In Death Comes to the War Poets, Sassoon’s conversion provides part of the dynamism of the drama, Pearce said, but an equally exciting aspect for him is how Death, who begins the play as an almost demonic character, changes along with Sassoon.

“It’s an interwoven aspect of the drama that I find very exciting, alongside the spiritual growth and conversion of Sassoon,” he said.

After hearing of the new drama, a friend suggested Pearce get the script into Father Cameron’s hands.

“Thanks be to God, when Father Peter actually read the script, he loved it and was enthusiastic about bringing it to the stage. And the rest is history,” Pearce said.

At the opening weekend shows, Pearce will make a brief cameo to read the prologue to the drama.

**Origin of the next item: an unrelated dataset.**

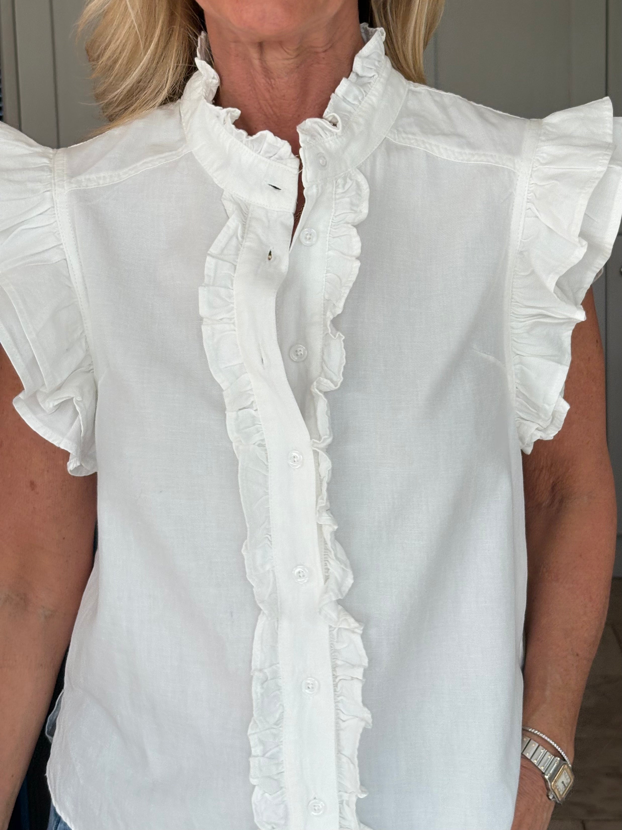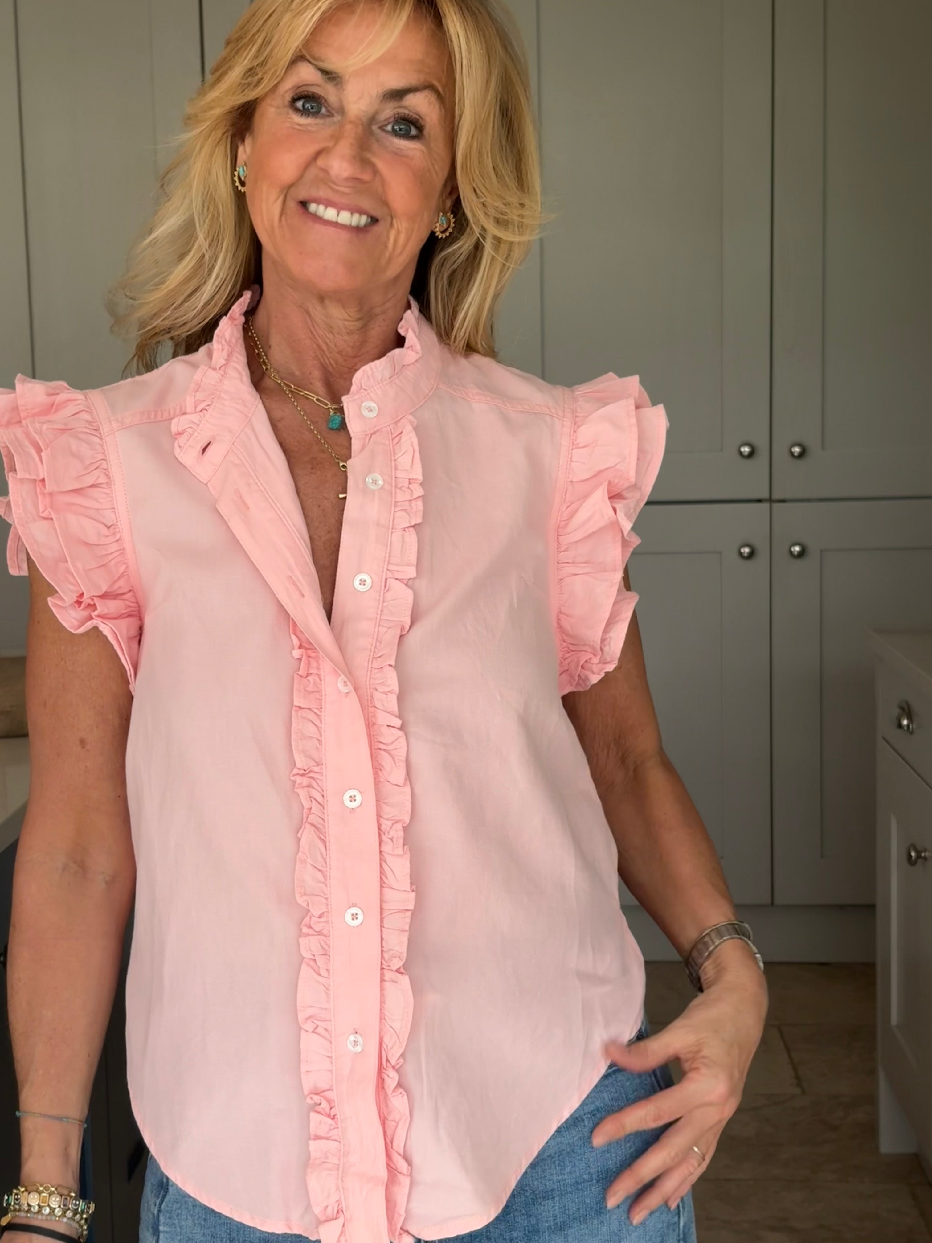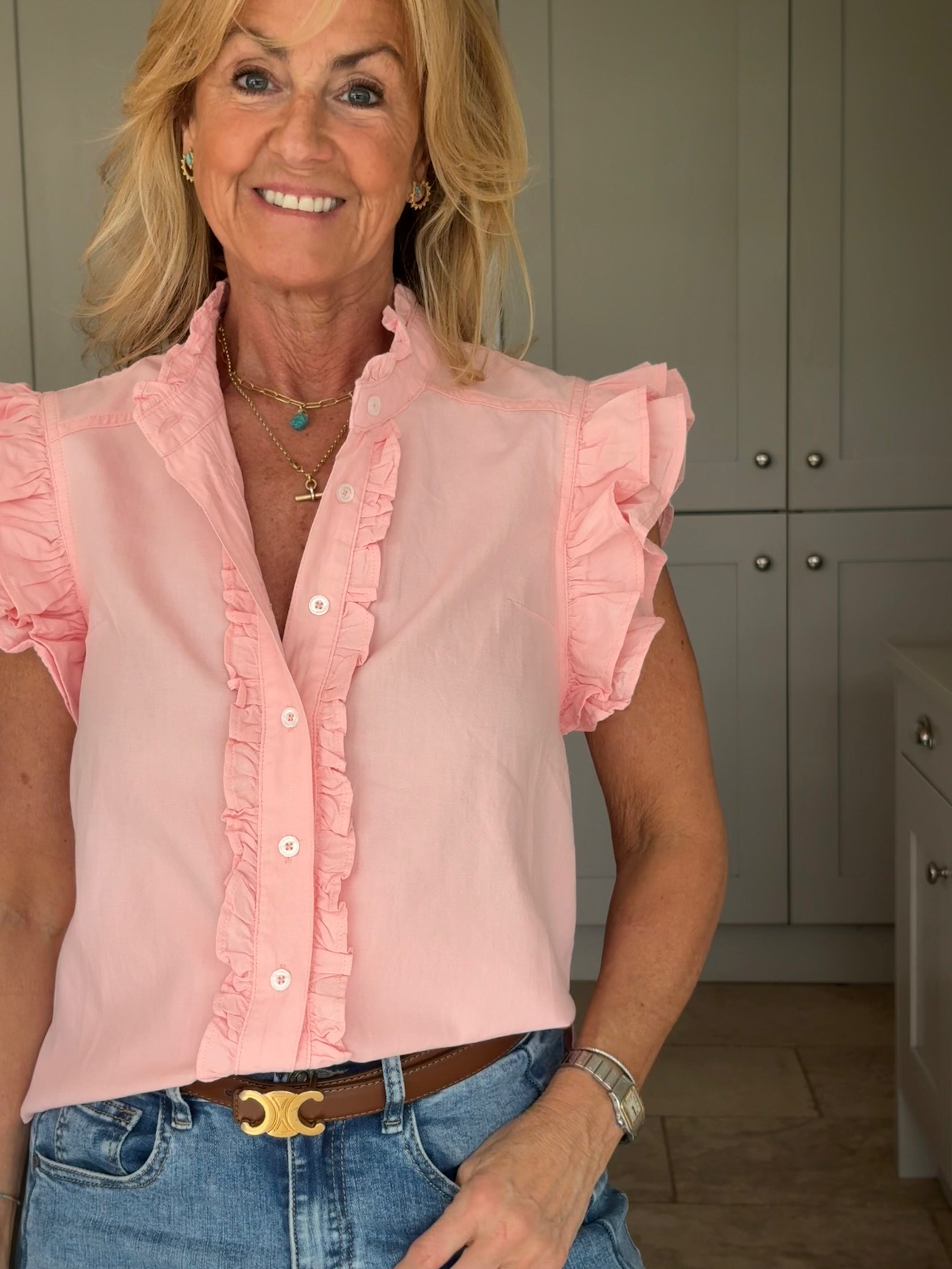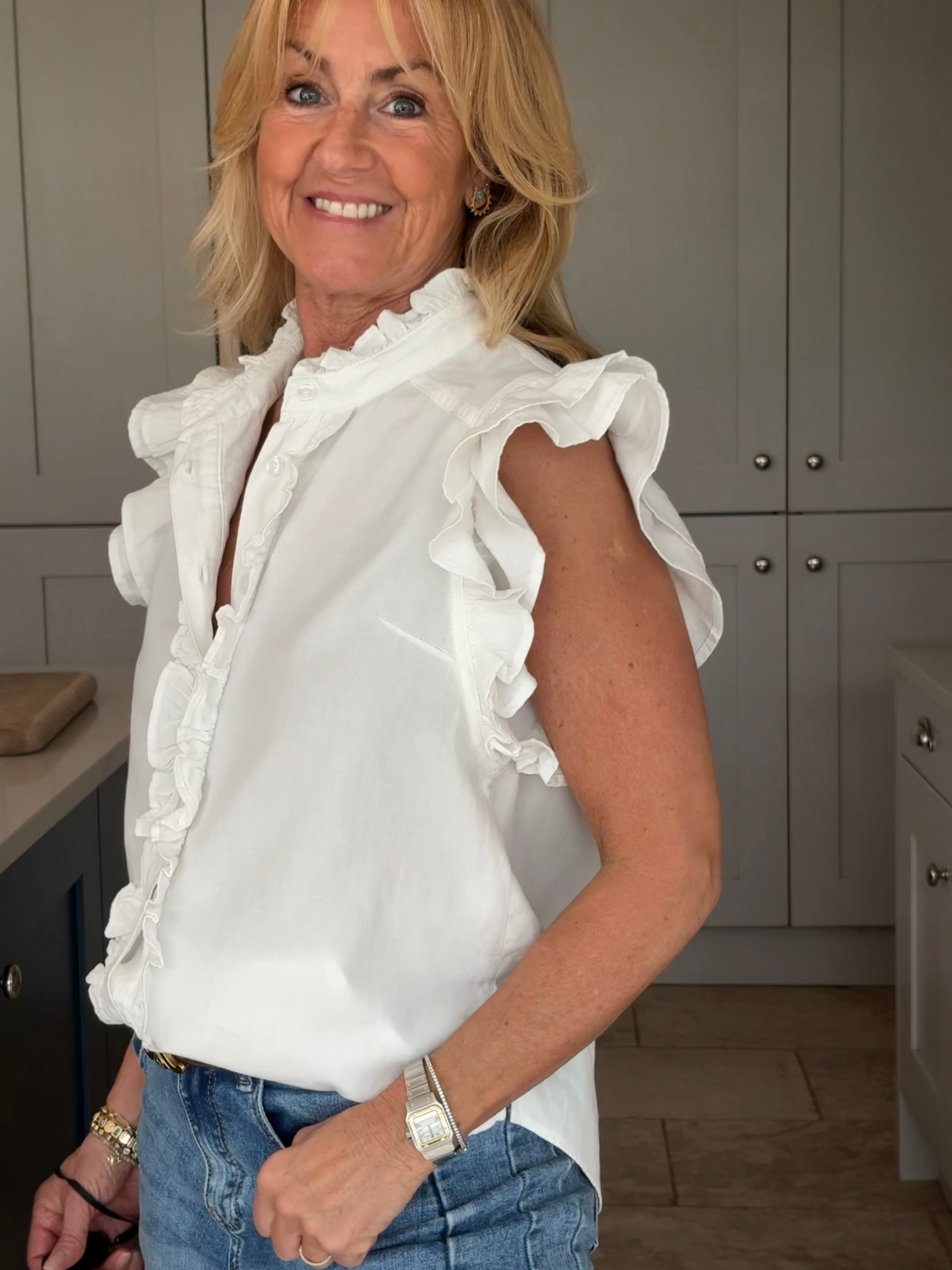 A gorgeous sleeveless, soft, cotton blouse with beautifully feminine detailing. It features a stand-up ruffle collar, with delicate ruffles running down the front opening to create a soft, romantic focal point. A double ruffle around the armholes adds extra charm and movement, giving the blouse a wonderfully girlie and romantic feel. Finished with a classic shirt-style hemline and two small side splits, this piece is designed for versatility — perfect worn tucked neatly into trousers or a skirt, or left loose for a more relaxed look. In Pink and White.

For Death Comes for the War Poets, Blackfriars Repertory Theatre has partnered with its longtime collaborators, the Storm Theatre Co.

Blackfriars Repertory Theatre is a Dominican apostolate in New York that performs theater as an evangelical outreach.

Now in its 19th year, Blackfriars keeps the tradition of presenting excellent theater informed by religious belief.

Blackfriars and Father Cameron act as the producers of Pearce’s play, while Peter Dobbins, the artistic director of the Storm, oversees everything to do with the stage.

The two companies have frequently partnered to perform plays in New York City, drawn together by the shared vision of their artistic directors. Father Cameron said that while the plays they do together do not necessarily need to be religious, “they do have to be about redemption in some way.”

“If the play somehow has to do with the desire for the infinite, for mystery, for an ultimate answer to the longing of the human heart, then that play is for us,” he said.

Dobbins told the Register that the drama is a deeply Catholic work.

“It’s about this person that never feels comfortable or at home in the world until he finds the Church,” he said.

Theater, for Dobbins, expresses a celebration of existence and can be a way to recover the truth of that existence from life’s daily distractions. It also is a “prayer of thanksgiving,” he said, because it imitates the creative activity of God.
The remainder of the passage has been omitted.